Leituras para distrair
Recebi
a foto de um kit, que o remetente ironicamente identificou como “kit Jorge”, contendo
uma lata de pinga Pitú e alguns cajus. Gostei da brincadeira e fiz alguns
comentários.
Eu não
pratico tanto, mas gosto de um caju amigo. Uma peça carnuda de caju cortada em
filés sobre uma tábua de madeira, uma boa pinga, e o momento máximo: mastigar
um filé de caju e, em seguida, degustar a pinga. Uma delícia! Ainda que
possa ser um atentado contra a saúde.
Conheço
pessoas que invertem o ritual. Primeiro a pinga e, depois, o caju como um
tira-gosto. Não é o meu caso, mas é besteira discutir este detalhe. Vale o
prazer.
Não é um ritual para se praticar sozinho. Eu e um antigo companheiro, cujo contato perdi, praticávamos o caju amigo em uma pequena propriedade que tive e que chamávamos de “sitio”.

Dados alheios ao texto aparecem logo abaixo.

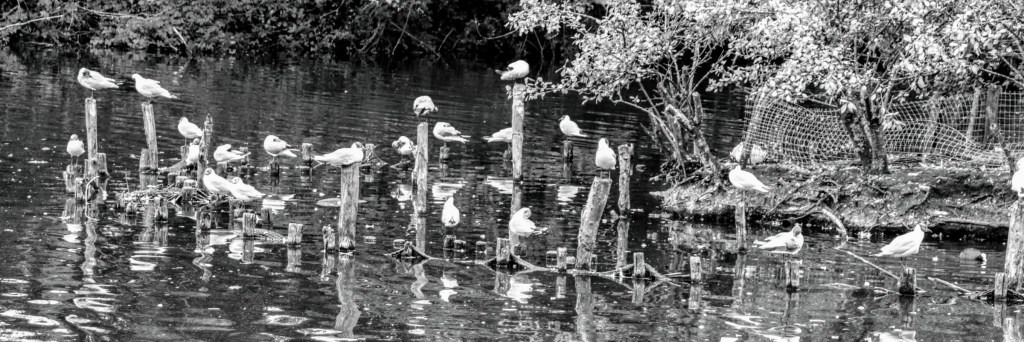 My last memory is of a large pond overlooked by mainly black-headed gulls, which had taken up residence on stilt-like posts in the middle of the pond. But with one bark, they were gone, scared off by the sudden sound. But this helped me notice a family of herons parched further into the pond.
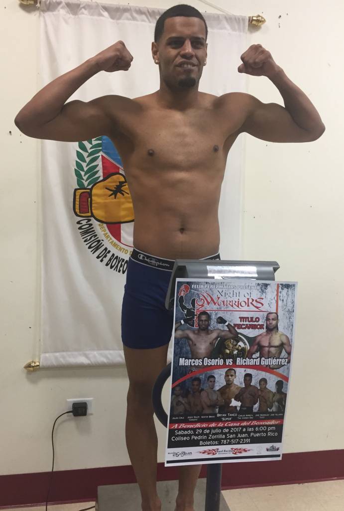 San Juan, PUERTO RICO – Demostrando que han estado trabajando con intensidad para disputar el cinturón Fecarbox Súper Wélter del Consejo Mundial de Boxeo (CMB) el próximo sábado, 29 de julio en el Coliseito Pedrín Zorrilla de San Juan, Puerto Rico, el prospecto boricua, Marcos ‘Marquitos’ Osorio (8-0, 5KO’s), y el veterano púgil colombiano, Richard ‘El Toro’ Gutiérrez (30-17-1, 19KO’s), cumplieron con en el peso requerido a una semana de su combate.

Não é um ritual para se praticar sozinho. Eu e um antigo companheiro, cujo contato perdi, praticávamos o caju amigo em uma pequena propriedade que tive e que chamávamos de “sitio”.
O caju
amigo me traz duas lembranças especiais. Uma delas, como não deixaria de ser, é
gonçalense. Ainda estávamos no colegial, lá em São Gonçalo, quando íamos ao bar do Adelino, na Vila (Zé Garoto), e bebíamos um caju
amigo, eu e o meu querido e falecido compadre. Lá o caju não era servido em
filés, era espremido em um copo do mesmo tipo onde era servida a pinga. Copo
simples, de fundo alto, antes era chamado copo de cachaceiro, hoje é chamado de
shot. Ali, em pé, no balcão, bebíamos em dois goles. Meu compadre bebia
primeiro a cachaça, eu bebia primeiro o caju, a pinga ia em seguida. Hoje o Adelino seria preso por vender bebida alcoólica a menores. As
conversas, as piadas, as expressões e comentários eram sempre os mesmos. Tudo
fazia parte do ritual. Um dos tantos rituais que consagraram uma amizade que só
me trouxe felicidade.
Outra
lembrança é de uma tarde em um local distante, uma quase esquecida estação da
Embratel, em Boa Vista, Roraima, ou Macapá, Amapá. A memória é falha, e nunca
mais voltei lá. Era uma estação dos antigos sistemas de tropodifusão com suas
antenas lindas, erguidas como enormes muralhas de metal no espaço e que
pareciam peças de ficção científica. Poucos profissionais de telecomunicações tiveram a oportunidade de conhecer aqueles equipamentos que eram a alternativa de comunicações na amazônia antes do advento do satélite.
O
terreno lateral ao da estação continha vários cajueiros e uma mangueira enorme com uma sombra magnífica. Grande o suficiente para abrigar uma birosca e
alguns bancos de madeira. Nada em volta, só mato e a casa do caseiro da estação. Não sei
de onde saía a clientela da birosca. Terminamos o trabalho e fui levado para
conhecer a birosca e o caju amigo. Uma pinga deliciosa e os tamanhos dos cajus
eram impressionantes, pelo menos para mim. Tudo se ajustava naquela
tarde, parecia um momento ensaiado. Estávamos eu, um companheiro da engenharia de Belém,
outro colega do Rio e o pessoal da estação local. O resto não preciso relatar,
nem conseguiria. Basta fechar os olhos e deixar a imaginação fluir deliciosa
como flui um caju amigo.
Sobre
o kit para caju amigo, eu já o vi no supermercado próximo ao Largo do Machado,
aqui, no Rio. Achei interessante, embora eu não goste muito do sabor da
Pitú, uma pinga pernambucana reconhecida internacionalmente. Não sei se existe
alguma Pitú especial. A comercial eu não gosto. Porém, gosto não se discute, mais
vale um gosto do que dez vinténs, como dizia a minha avó Olga.